In this post, I will describe a series of data processing steps in R that I often perform that involves the map_df
, inner_join
, and pivot_longer
functions from the purrr
, dplyr
, and tidyr
packages, respectively. They are all part of the tidyverse, so to follow this post, please install the tidyverse
package.
install.packages("tidyverse")
library(tidyverse)
The typical scenario is that I have used two (or more) tools to process a list of samples and the tools generate an output file for each sample. To mimic this, I have written a simple function that will generate 10 output files for "tool x" and another 10 output files for "tool y".

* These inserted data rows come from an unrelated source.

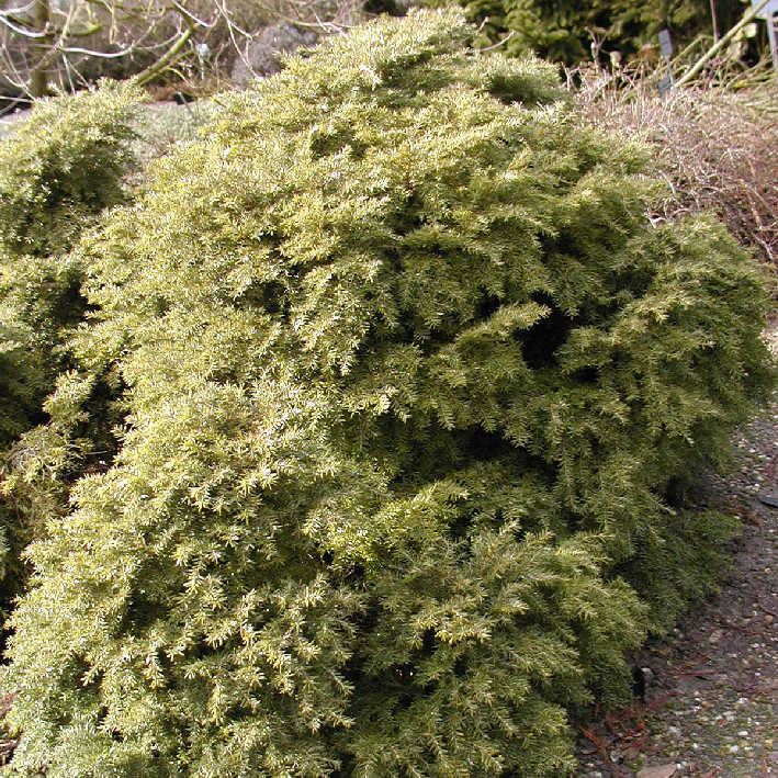 Kompakt wachsender Nadelbaum. Wintergrün. Breit kugelförmige Wuchs. Äste zierlich überhängend. Höhe bis 1 m, Breite ungefähr 1 m. Laub Frischchgrün, unterseits weisslich. Schöne Solitärpflanze. Son...
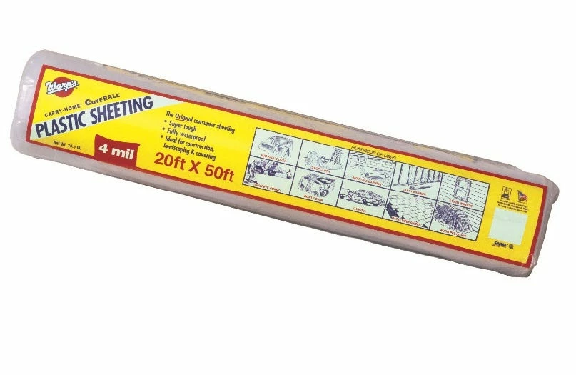 Super tough, fully waterproof plastic sheeting used by DIYers and contractors for large and small construction, landscaping, or covering projects. Warp’s Shelf-Pack, wrapped on a solid core, will sit upright on a shelf or horizontally in a bin with vertical design on front panel and horizontal on rear for flexibility in displaying.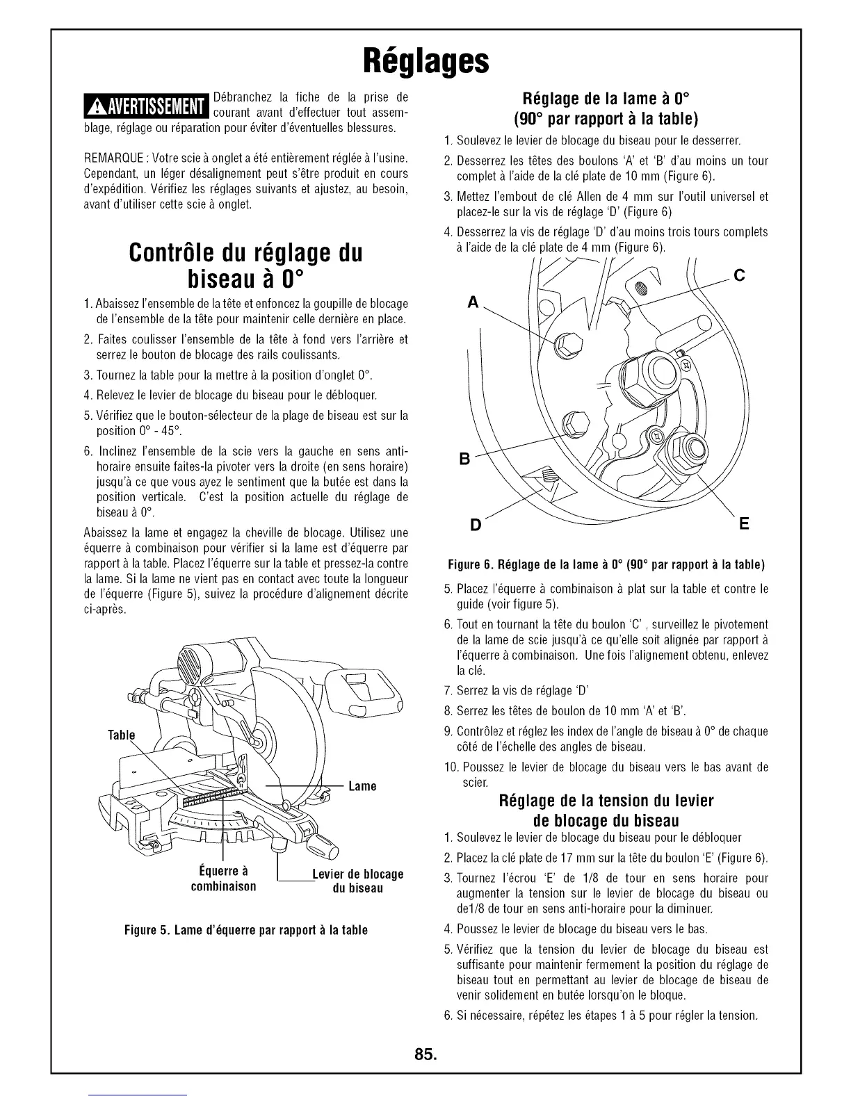 REMARQUE: Votre scie _.onglet a _t_enti_rement r_gl_e_.I'usine.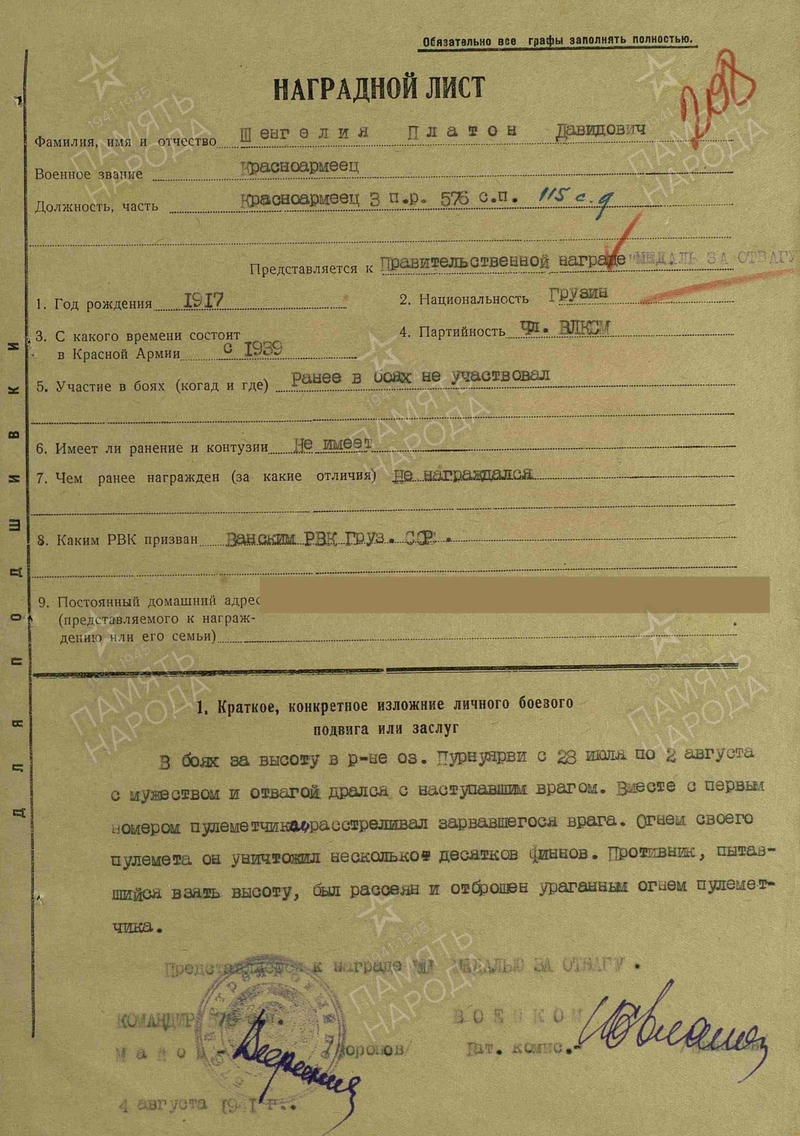 45) Пулемётчик Шенгелия Платон Давидович 1917 г.р. Призван: в 1939 году, Ванский РВК, Грузинская ССР, Ванский р-н. Уроженец: Грузинская ССР, Ванский р-н, с. Шуамта. Ранен в бою в августе 1941 года. Проходит по ЭГ2222, выбыл 19.08.1941 года в ВСП. Дальше проходит по ЭГ2493. Вероятно, демобилизован по ранению. За бой в Куйсма, в районе озера Хийденярви награждён медалью «За Отвагу». После войны награждался. Войну прошёл.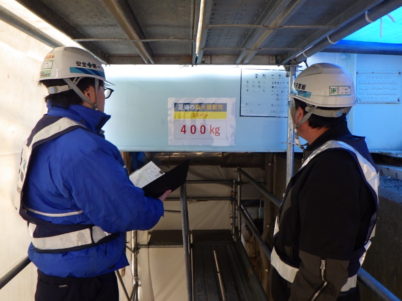 点検項目:足場昇降時の転倒及び電動工具使用時の注意事項確認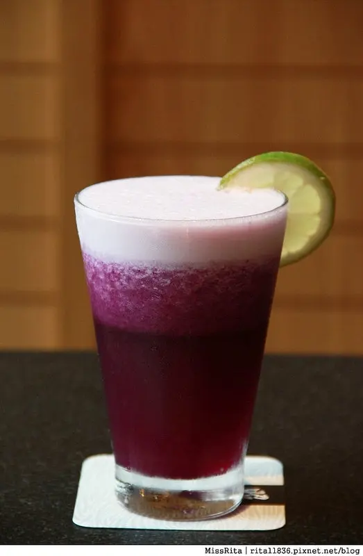 第一次看到用紫高麗做成的蔬果汁呢!主要的味道是以蘋果汁做為基底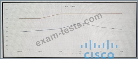 The graph shows a customer with n software product and highlights the number of paid-for licenses (shown with the orange tine) and the number of users actively using the product (shown with the blue line).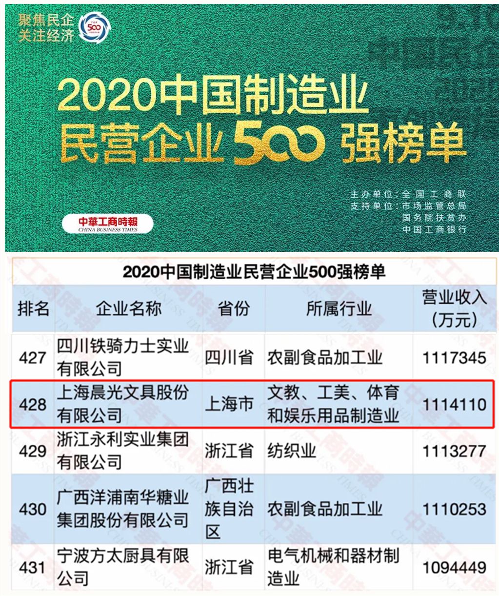 晨光文具首次入圍“2020中國制造業民營企業500強”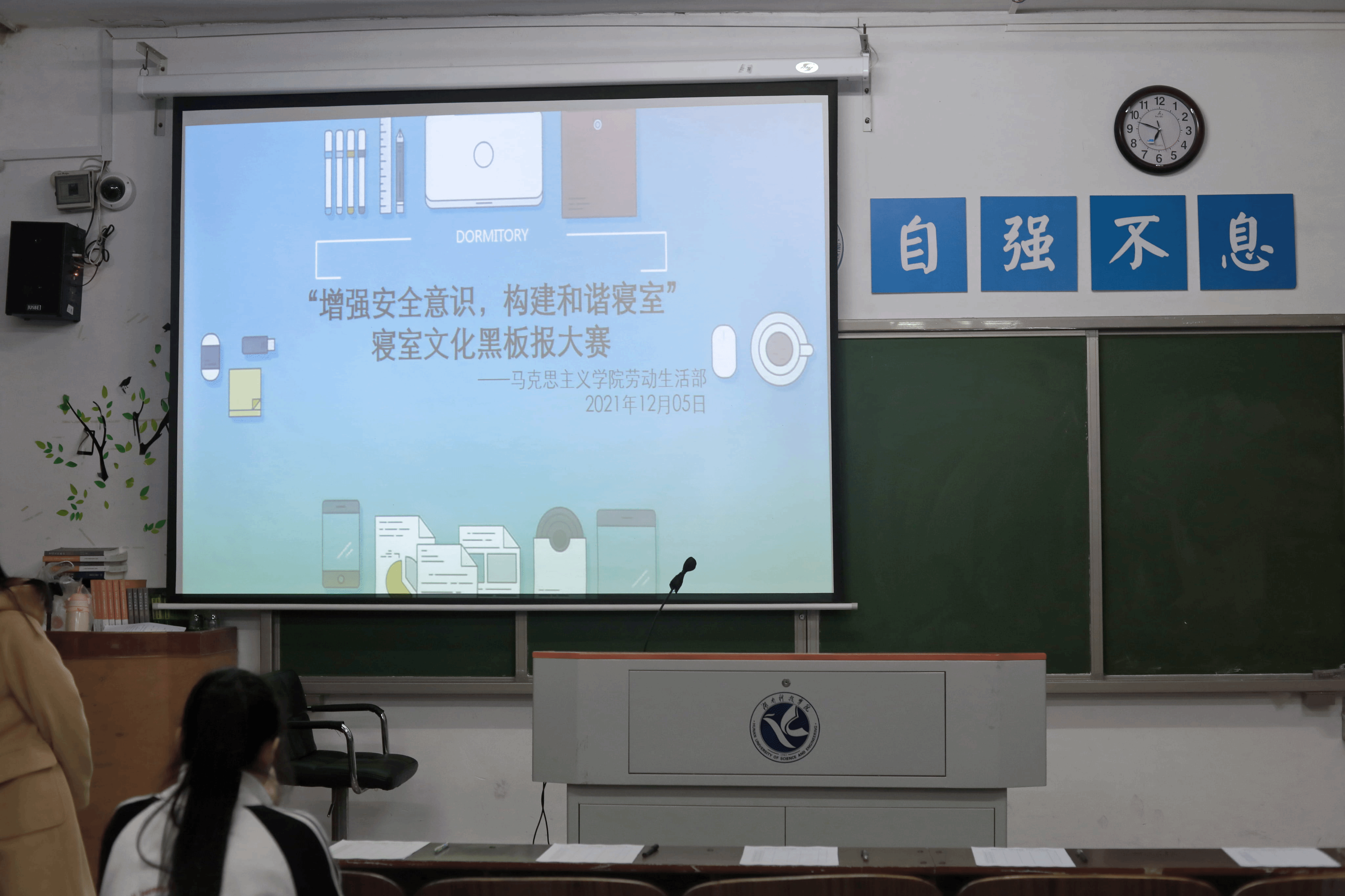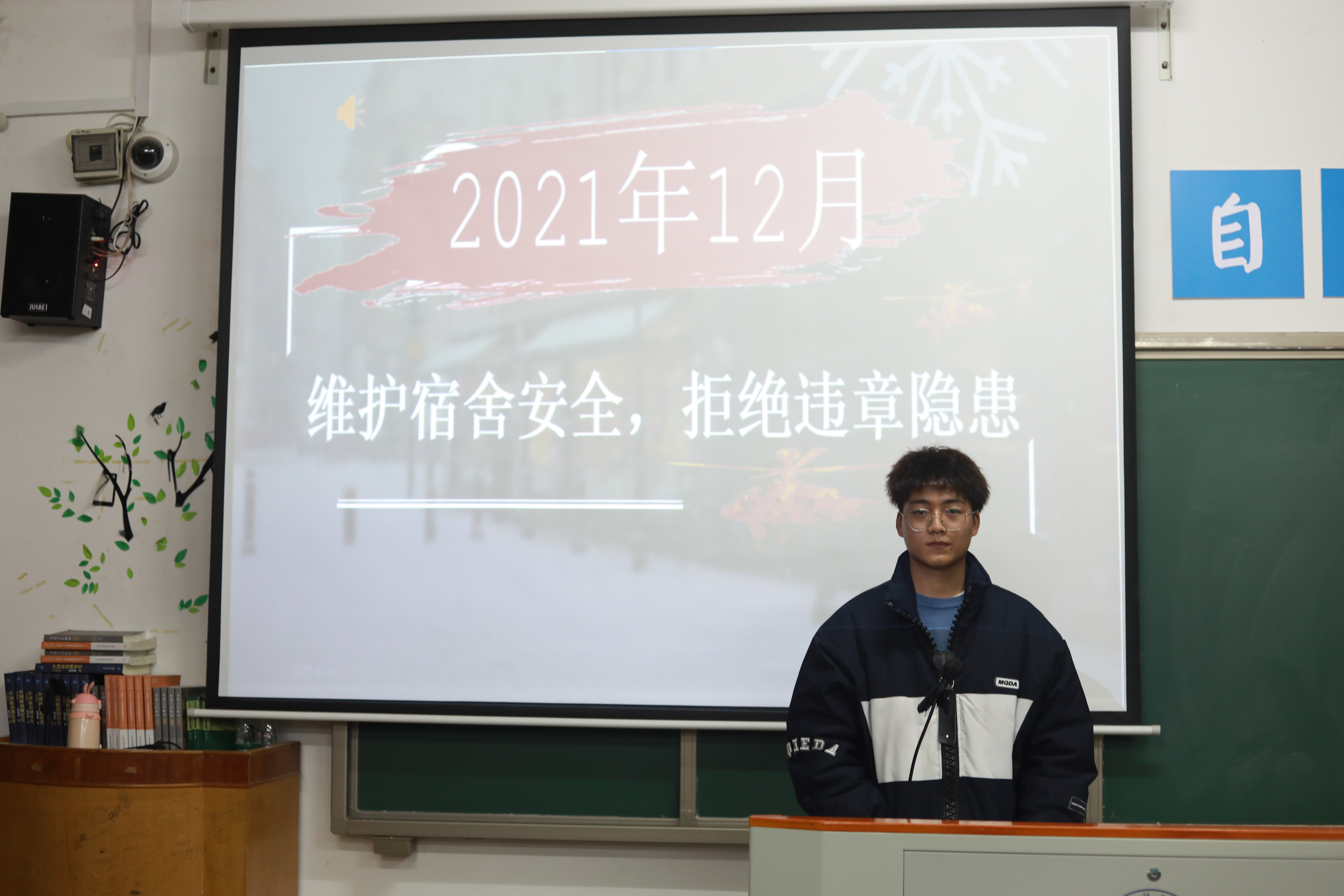 我院首先各班级对同学们进行安全教育宣传,举行“宿舍安全教育”宣讲活动并下寝普及宿舍安全知识,就安全隐患等问题进行深入交流;同时,于12月5日晚上举行“寝室安全教育”主题海报演讲比赛。丰富多彩的活动形式,使安全意识更加深入人心,有利于同学们掌握更多安全知识,养成良好的寝室生活习惯,明白宿舍安全的重要性。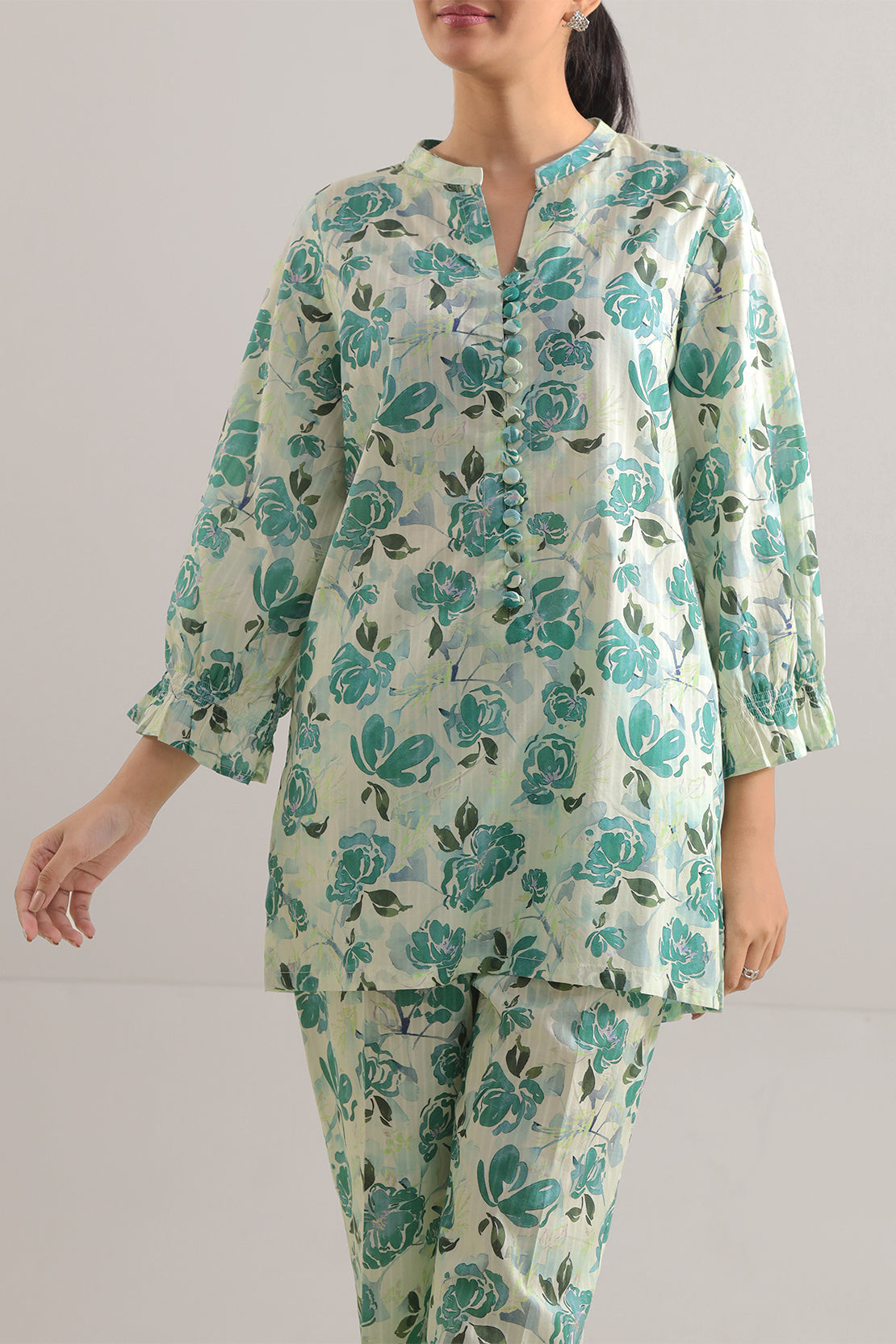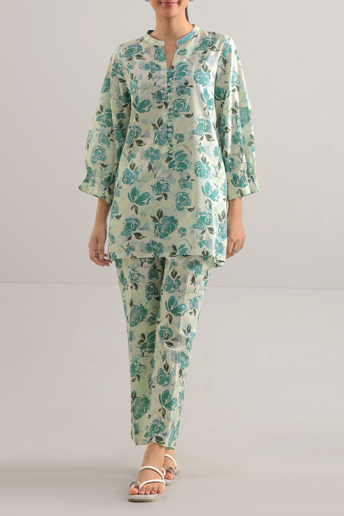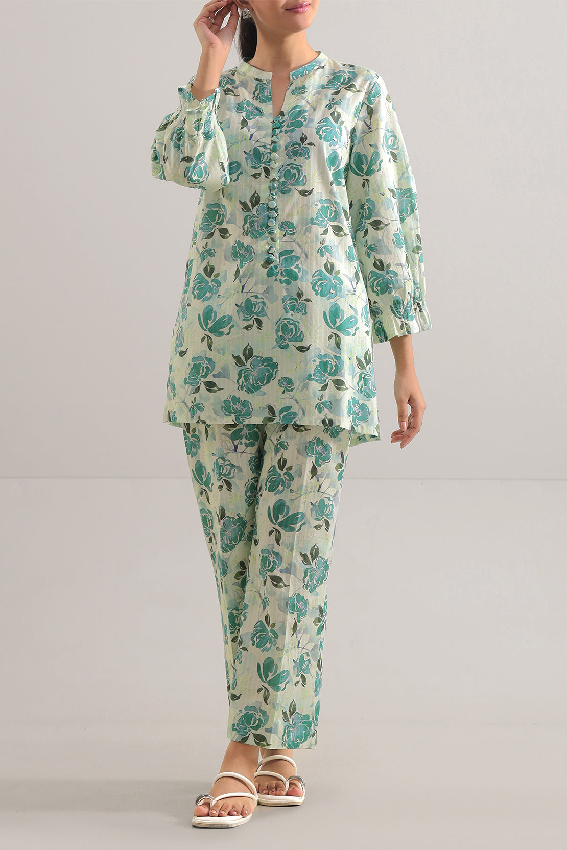 Ready-To-Wear Printed Strip Lawn Two-Piece Shirt & Trouser Set By SAYA, Tailored From Lightweight Breathable Strip Lawn Fabric For Superior Comfort And Ease. The Shirt Features Subtle Strip Print Accents Over A Rich Teal-Green Base, Offering Stylish Visual Texture Without Overpowering The Look. Accompanied By A Matching Trouser In The Same Teal Tone To Create A Cohesive Ensemble Ideal For Smart Casual Events, Daytime Outings Or Relaxed Office Wear. Precise Stitching And Quality Finish Ensure Durability And A Polished Appearance Straight Off The Rack. A Versatile, Effortless Set That Combines Fashion, Function And Seasonal Flair.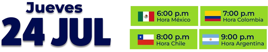 🕕 6:00 p.m. México | 7:00 p.m. Colombia | 8:00 p.m. Chile | 9:00 p.m. Argentina

gen_ran_files <- function(nfiles, suffix, seed){
if(nfiles > 26){
stop("Please input a number between 1 and 27")
}
set.seed(seed)
for(i in 1:nfiles){
write.csv(
x = data.frame(sample = letters[i], purity = rnorm(1)),
file = paste0(letters[i], "_", suffix, ".csv"),
row.names = FALSE
)
}
}
gen_ran_files(10, "x", 1948)
gen_ran_files(10, "y", 1984)
We now have 20 output CSV files, 10 from each tool.
list.files(pattern = ".csv$")
[1] "a_x.csv" "a_y.csv" "b_x.csv" "b_y.csv" "c_x.csv" "c_y.csv" "d_x.csv" "d_y.csv" "e_x.csv" "e_y.csv"
[11] "f_x.csv" "f_y.csv" "g_x.csv" "g_y.csv" "h_x.csv" "h_y.csv" "i_x.csv" "i_y.csv" "j_x.csv" "j_y.csv"
We want to compare the outputs of each tool but the results are spread across 20 different files. We can use the map_dfr
function to create two data frames containing the results of each tool. In the code below, the map_dfr
function is used to "apply" the read_csv
function to a list of CSV files. This returns a single data frame that was created by row-binding, i.e. appending the rows returned from read_csv
. In addition, the data type for the columns (character and double) are explicitly provided for read_csv
.
x_output <- map_dfr(list.files(pattern = "x.csv"), read_csv, col_types = cols('c', 'd'))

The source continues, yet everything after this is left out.